The post is updated. Please kindly jump to the Solution part, if you've already read the posted question. Thanks!
Here's the minimized code to exhibit my problem:
The input data file for test has been saved by Window's built-in Notepad as UTF-8 encoding. It has the following three lines:
abacus æbәkәs abalone æbәlәuni abandon әbændәn
The Perl script file has also been saved by Window's built-in Notepad as UTF-8 encoding. It contains the following code:
#!perl -w
use Data::Dumper;
use strict;
use autodie;
open my $in,'<',"./hash_test.txt";
open my $out,'>',"./hash_result.txt";
my %hash = map {split/\t/,$_,2} <$in>;
print $out Dumper(\%hash),"\n";
print $out "$hash{abacus}";
print $out "$hash{abalone}";
print $out "$hash{abandon}";
In the output, the hash table seems to be okay:
$VAR1 = { 'abalone' => 'æbәlәuni ', 'abandon' => 'әbændәn', 'abacus' => 'æbәkәs ' };
But it is actually not, because I only get two values instead of three:
æbәlәu开发者_StackOverflow中文版ni әbændәn
Perl gives the following warning message:
Use of uninitialized value $hash{"abacus"} in string at C:\test2.pl line 11, <$i
n> line 3.
where's the problem? Can someone kindly explain? Thanks.
The Solution
Millions of thanks to all of you guys :) Now finally the culprit is found and the problem becomes fixable :) As @Sinan insightfully pointed out, I'm now 100% sure that the culprit for causing the problem I described above is the two bytes of BOM, which Notepad added to my data file when it was saved as UTF-8 and which somehow Perl does not treat properly. Although many suggested that I should use "<:utf8" and ">:utf8" to read and write files, the thing is these utf-8 configurations do not solve the problem. Instead they may cause some other problems.

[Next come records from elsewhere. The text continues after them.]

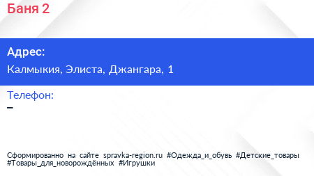 Баня №2 по адресу Калмыкия, Элиста, Джангара, 1 в дальнейшем Организация, размещена в следующих категориях: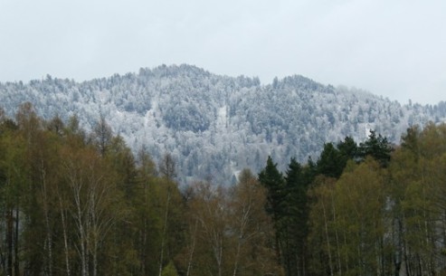 Утром погода слегка испортилась, пошел мелкий дождик, верхушки гор покрылись снегом.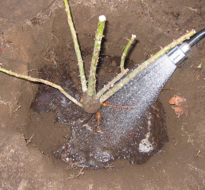 И когда вы делаете пересадку, потому что ваш розовый куст потеряет часть своих корней, после пересадки очень тщательно полейте его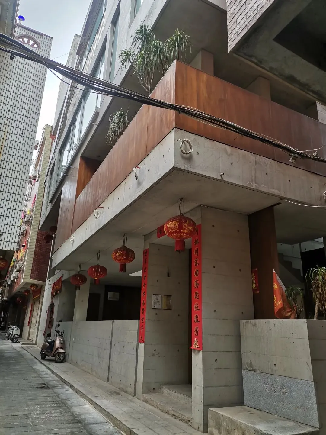 还是回到了我刚才徘徊的那个巷子,看来房子是在这里无疑,可是哪座才是呀?为啥我找不到呢? 每个房子都不像图书馆,也没有挂牌,我走完巷子也没找到。 没办法,继续问人。一个看似农民工的大叔正在搬砖,考虑到简单直接,我上前询问:请问这里有个图书馆在哪里?没有说“母亲的房子”。 这个大叔用手向我身后一指:“里面”。 不对呀,我和他说我刚从那里走来没看到呀。 “哎呀,就在那里,你走进去不到50米”。 我还在迟疑,他向我强调“民房”!声音里有些无语的不耐烦。 看来这位大叔比我懂他更懂我,知道我一定把图书馆想的太图书馆了。 我再次返回巷中缓步察看,这咋跟玩连连看一样,到底是我眼拙还是脑笨? 我又向唯一一座看着有点可能的大房子打量去,正撞上院子里矮坐着的一个人的目光。 我这样三番五次窥探私人住宅真是欠佳,我尴尬地连忙问图书馆在哪里?以打消他的顾虑。 我的这副可疑之举果然不待见,院子主人都不愿吱声,直接拿眼神往我身后一扬。 与此同时,我恍然大悟,就是这座房子,这座房子在我第一次进巷的时候曾看到过,为什么后来都没看到呢? 因为它没有墙体,又是水泥色,记忆第一时间便判断是在建中或烂尾的建筑。所以后面无论在巷中转了多少次都目中无它。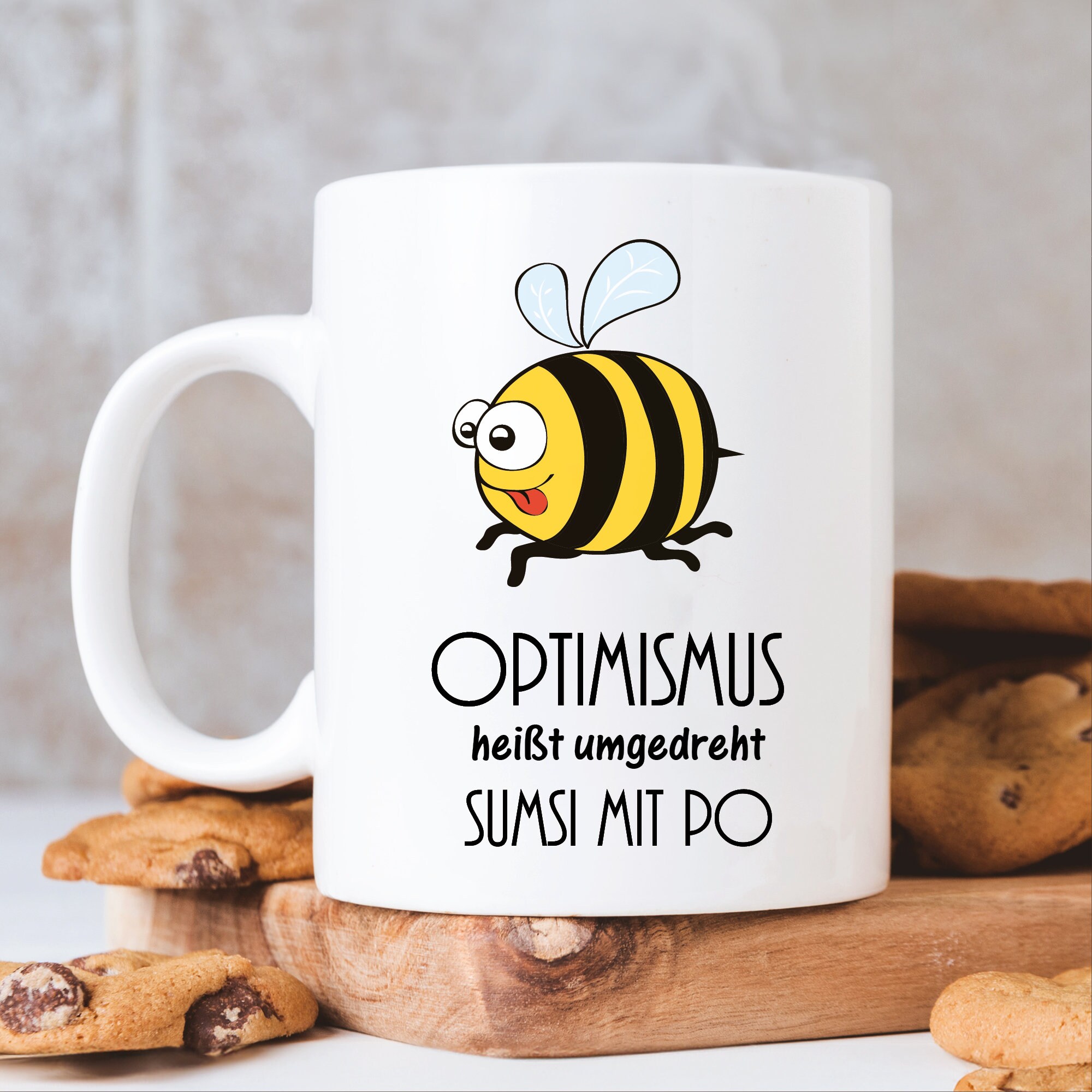 Bedruckte Kaffeetasse “OPTIMISMUS heißt umgedreht Sumsi mit Po” spülmaschinenfest Biene Tasse Becher Geschenk Geburtstag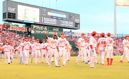 ファンの声援に応えながら場内を一周するカープナイン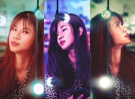 Portrait of a woman on bright Bokeh light on chair decoration in Outdoor Festive Market in Lush Lava color toned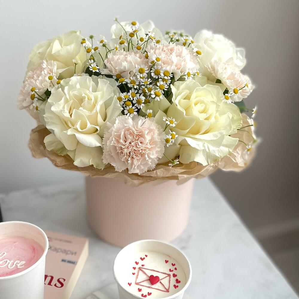 Диантус - 5 шт. Шляпная коробка - 1 шт. Роза Софи Лорен - 5 шт. Оазис флористический - 1 шт. танацетум кустовой - 3 шт.

To really solve the problem, all I actually need is to add one line of code to force Perl to ignore the BOM:
#!perl -w
use Data::Dumper;
use strict;
use autodie;
open my $in,'<',"./hash_test.txt";
open my $out,'>',"./hash_result.txt";
seek $in,3,0; # force Perl to ignore the BOM!

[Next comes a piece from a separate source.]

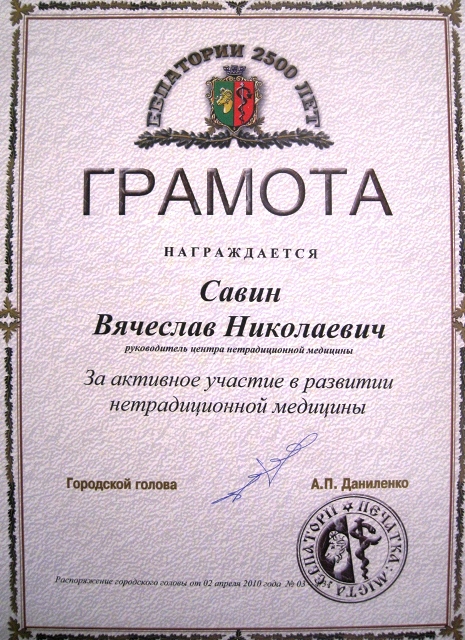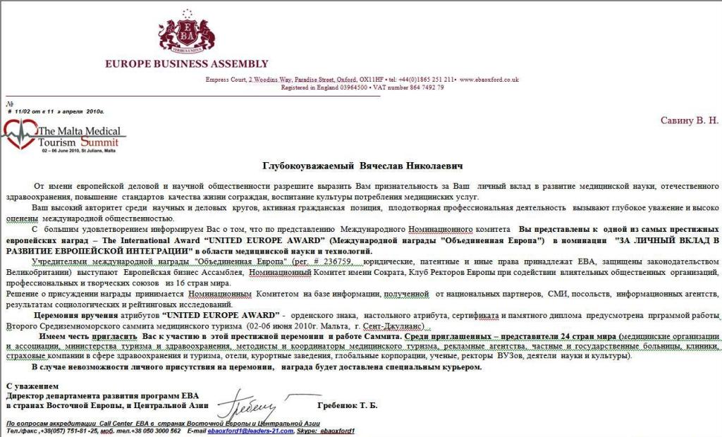 Савин Вячеслав Николаевич обладатель одной из самых престижных Европейских наград в области медицинской науки и технологий The International Award “UNITED EUROPE AWARD”, Великобритания 2010.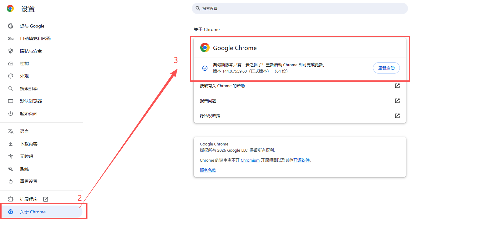 点击右上角三个点图标,点击【设置】,在关于 Chrome页面将自动加载,顶部显示当前版本号(如“版本 144.0.7559.60(正式版本) (64 位)”),若显示“已是最新版本”或类似提示,表明当前为最新版本。若提示“重新启动即可更新”或“有新版 Chrome 可用”,则需更新。

my %hash = map {split/\t/,$_,2} <$in>;
print $out Dumper(\%hash);
print $out $hash{abacus};
print $out $hash{abalone};
print $out $hash{abandon};
Now, the output is exactly what I expected:
$VAR1 = { 'abalone' => 'æbәlәuni ', 'abandon' => 'әbændәn', 'abacus' => 'æbәkәs ' }; æbәkәs æbәlәuni әbændәn
Please note the script is saved as UTF-8 encoding and the code does not have to include any utf-8 labels because the input file and the output file are both pre-saved as UTF-8 encoding.
Finally thanks again to all of you. And thank you, @Sinan, for the insightful guidance. Without your help, I would stay in the dark for God know how long.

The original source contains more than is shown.